Dobard and the Advancement Project are heading a coalition of 15 California-based organizations working with the state and local leaders to conduct outreach and encourage people to participate in the coming census. Gov. Jerry Brown has requested $40.3 million for census outreach in his proposed state budget released in January.

The census data is also used to apportion congressional districts and draw district lines for Congress, as well as the state Legislature. California is at risk of losing a congressional seat for the first time in history, due to its slowing population growth.

Within California, however, some regions have seen their populations shoot up rapidly since the last count in 2010. Capturing that growth in the census will be critical both for their representation and federal funding they receive. According to PPIC’s analysis, they include the city of Fresno, Orange County, Riverside County and San Diego County as well as parts of the South and East Bay Area, spreading into San Joaquin and Stanislaus Counties.

Counting people in areas with a surge in population is tricky, says Sarah Bohn, a research fellow at PPIC who headed up the census report. Local governments are responsible for having up-to-date address lists, which Bohn calls “the first step” of an accurate census. And she notes that many of the areas with high growth are “the same areas where the housing crisis is the most severe,” leading people to double up in homes and apartments or other non-traditional housing arrangements. That makes them less likely to be included in the count.

When you add in the fact that many of those regions also have large Latino populations, the undercount risk rises.
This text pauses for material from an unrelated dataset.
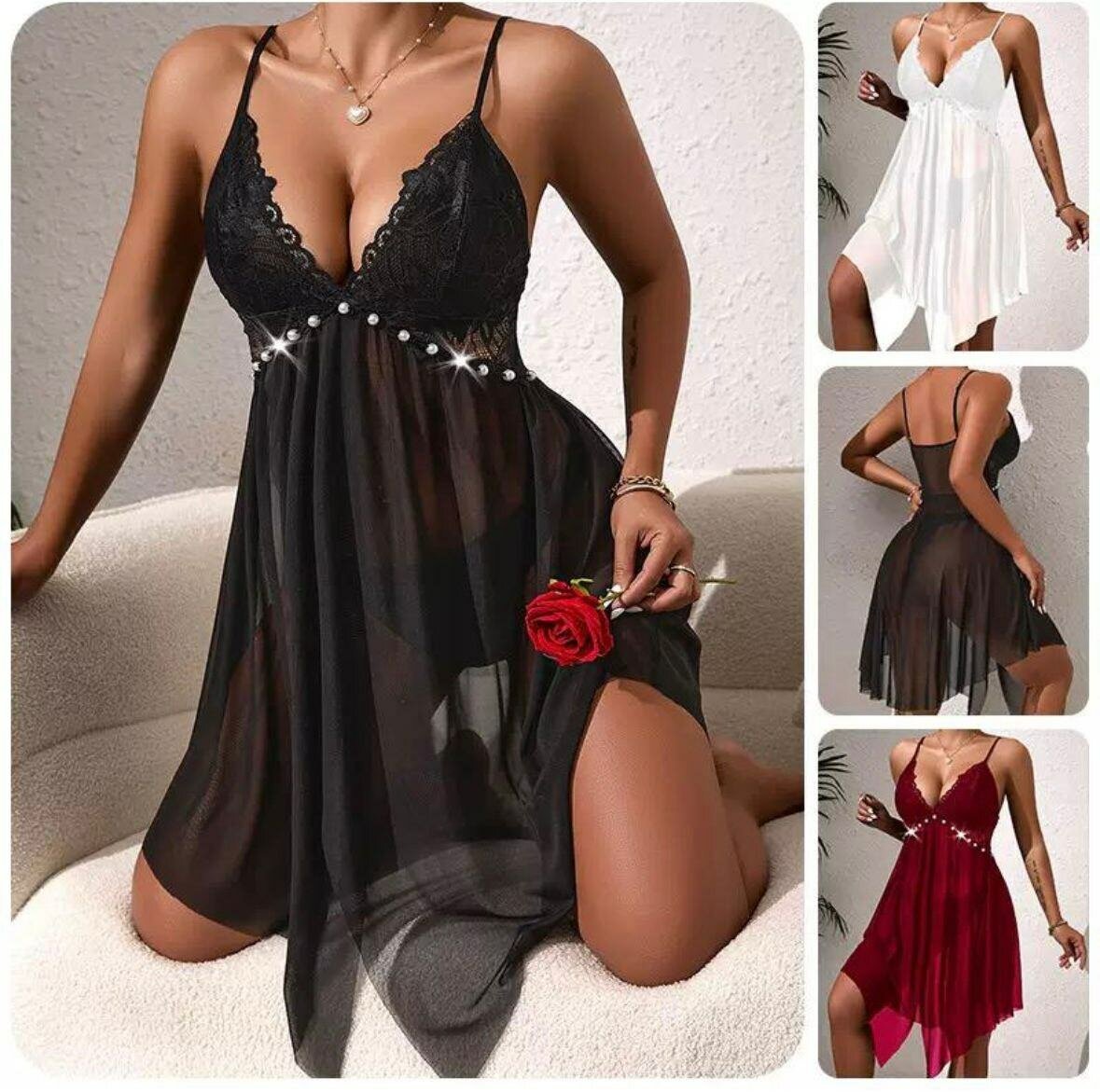 Découvrez notre nuisette en dentelle transparente, parfaite pour des soirées spéciales. Avec ses détails en strass et sa coupe flatteuse, elle apporte une touche de glamour et d'élégance. Disponible en plusieurs couleurs, elle est un choix idéal pour toutes les occasions romantiques.

That’s particularly the case in the South and East Bay, Fresno, Riverside County and San Diego County. Latino and immigrant rights advocates worry that the climate of fear permeating immigrant communities, particularly since the 2016 election, make those groups even less likely to share their personal information with the government.

Those concerns will be “deeply exacerbated by the addition of this (citizenship) question,” said Vanita Gupta, president and CEO of the Leadership Question on Civil Rights, who warned that with its inclusion, “you really are at risk of sabotaging the census.”

Ross disputed that in his statement and an accompanying memo rationalizing the decision. “The citizenship question has been well tested,” he argued, pointing out that it has been included in the American Community Survey, a survey of a small percentage of the population that is conducted annually by the Census Bureau. “While there is widespread belief among many parties that adding a citizenship question could reduce response rates, the Census Bureau’s analysis did not provide definitive, empirical support for that belief,” said Ross.

Becerra said the Trump administration’s move violates the U.S. Constitution because it could “diminish response rates” and undermine the federal requirement to count every California resident regardless of immigration status.

“Given the way that this administration has attacked immigrants, you can understand why immigrant families would be afraid to fill out the Census questionnaire,” Becerra said. “If California loses representation, we could lose votes.”

Secretary of State Alex Padilla said an undercount could lead to “several million” people not being counted in California.

“The Trump administration’s decision last night rolls back the clock on civil rights and voting rights in America,” Padilla said, adding it’s the latest move in “the president’s blatant agenda to fan the flames of anti-immigrant hostility.”

Angela Hart of The Bee state Capitol Bureau contributed to this report.